In the information system, log data is automatically created and maintained by operation system and software server which maintain a history of running status. A statistical analysis of the log file might be used to examine and collect the discrepancies of the system. As the increment of the data size, a single host has been unable to meet the storage and computing requirements. How to improve performance effectively of log data analysis and to provide a virtualization result to the end-user is the research requirements of the dissertation. By the comparison of different open-source data analysis implementation, this paper presents a data quality system under the Hadoop's cluster framework based on cloud computing.
Hadoop distributed computing framework as it's scalable, economical, efficient, reliable, has been widely used in web search engine, log analysis, data mining areas. This dissertation starts to introduce the business background of log statistics, including the analysis method and the expectant result. The dissertation also presents some distributed data fuzzy matching methods to process in the log data in cloud computing environment, the fuzzy matching algorithms include Levenshtein, Soundex, and Jaro-Winkler could calculate the similarity distances for each log recorder, by the record linkage technologies the log data can be grouped as its similarity distance.
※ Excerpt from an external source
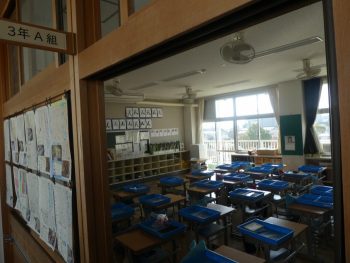 インフルエンザの流行が11月からニュースなどでもとりあげられていますが、今週になって、本校においてもインフルエンザでお休みする児童の割合が高くなっています。昨日は、3Aで8名、3Bで9名の児童がインフルエンザや発熱等で欠席し、今日から2日間、学年閉鎖となりました。(写真は、子どもたちが登校していない寂しげな3年生の靴箱と教室の様子)

Finally, the data virtualization model is also designed and implemented base on SpagoBI open-source framework, it uses OLAP (on-line analytical processing) data analysis features which integrated in SpagoBI, and user could acquire a graphical statistical result after computing.
This dissertation introduces the design and implementation of the data quality software system, includes system design and the implement of each models.
Log analysis；Hadoop frame；Map/Reduce；Data visualization